Learn TinyML using Wio Terminal and Arduino IDE #2 Audio Scene Recognition and Mobile Notifications
Updated on Feb 28th, 2024
It’s the second article of TinyML tutorials series and today I’ll teach you how to train and deploy an audio scene classifier with Wio Terminal and Edge Impulse. For more details and video tutorial, watch the corresponding video!
First some background about audio signal processing. If you want to jump straight to action, by all means, skip to the next section! Or not – I thought I already knew about sound processing, but while making this article I found out quite a few new things myself.
Sound processing for ML
Sound is an a vibration that propagates (or travels) as an acoustic wave, through a transmission medium such as a gas, liquid or solid.
The source of sound pushes the surrounding medium molecules, they push the molecules next to them and so on and so forth. When they reach other object it also vibrates slightly – we use that principle in microphone. The microphone membrane gets pushed inward by the medium molecules and then back to its original position.
That generates alternating current in the circuit, where voltage is proportional to sound amplitude – the louder the sound, the more it pushes membrane, thus generating higher voltage. We then read this voltage with analog-to-digital converter and record at equal intervals – the number of times we take measurement of sound in one second is called a sampling rate, for example 8000 Hz sampling rate is taking measurement 8000 times per second. Sampling rate obviously matters a lot for quality of the sound – if we sample too slow we might miss important bits and pieces. The numbers used for recording sound digitally also matter – the larger range of a number used, the more “nuances” we can preserve from the original sound. That is called audio bit depth – you might have heard terms like 8-bit sound and 16 bit sound. Well, it is exactly what is says on the tin – for 8-bit sound an unsigned 8-bit integers are used, which has range from 0 to 255. For 16-bit sound a signed 16-bit integers are used, so that’s -32 768 to 32 767. Alright, so in the end we have a string of numbers, with larger numbers corresponding to loud parts of the sound and we can visualize it like this.
We can’t do much with this raw sound representation though – yes, we can cut and paste the parts or make it quilter or louder, but for analyzing the sound, it is, well, too raw. Here is where Fourier transform, Mel scale, spectrograms and cepstrum coefficients come in.

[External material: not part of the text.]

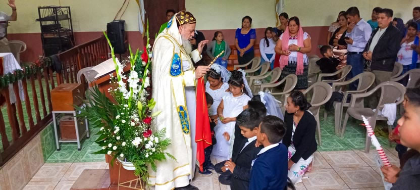 El martes 27 de diciembre, el arzobispo llegó hasta la aldea de Tzisbaj, para visitar a los hermanos de la parroquia San Ignacio de Antioquía, que celebran el primer aniversario de la parroquia.

There is a lot of materials on the Internet about Fourier transform, personally I really like this article from betterexplained.com and a video from 3Blue1Gray – check them out to find more about FFT. For purpose of this article, we’ll define Fourier transform as a mathematical transform, that that allows us to decompose a signal into it’s individual frequencies and the frequency’s amplitude.
Or as it was put in betterexplained article – given the smoothie, it outputs the recipe. That is how our sound looks like after applying Fourier transform – the higher bars correspond to larger amplitude frequencies.
That’s great! Now we can do more interesting things with audio signal – for example eliminate the least important frequencies to compress the audio file or remove the noise or maybe the sound of voice, etc. But it is still not good enough for audio and speech recognition – by doing Fourier transform we loose all the time domain information, which is not good for non-periodic signals, such as human speech. We are smart cookies though and just take Fourier transform multiple times on the signal sample, essentially slicing it and then stitching the data from multiple Fourier transforms back together in form of spectrogram.
Here x-axis is the time, y-axis is frequency and the amplitude of a frequency is expressed through a color, brighter colors correspond to larger amplitude.
Very well! Can we do sound recognition now? No! Yes! Maybe!
Normal spectrogram contains too much information if we only care about recognizing sounds that human ear can hear. Studies have shown that humans do not perceive frequencies on a linear scale. We are better at detecting differences in lower frequencies than higher frequencies. For example, we can easily tell the difference between 500 and 1000 Hz, but we will hardly be able to tell a difference between 10,000 and 10,500 Hz, even though the distance between the two pairs are the same.
In 1937, Stevens, Volkmann, and Newmann proposed a unit of pitch such that equal distances in pitch sounded equally distant to the listener. This is called the mel scale.
A mel spectrogram is a spectrogram where the frequencies are converted to the mel scale.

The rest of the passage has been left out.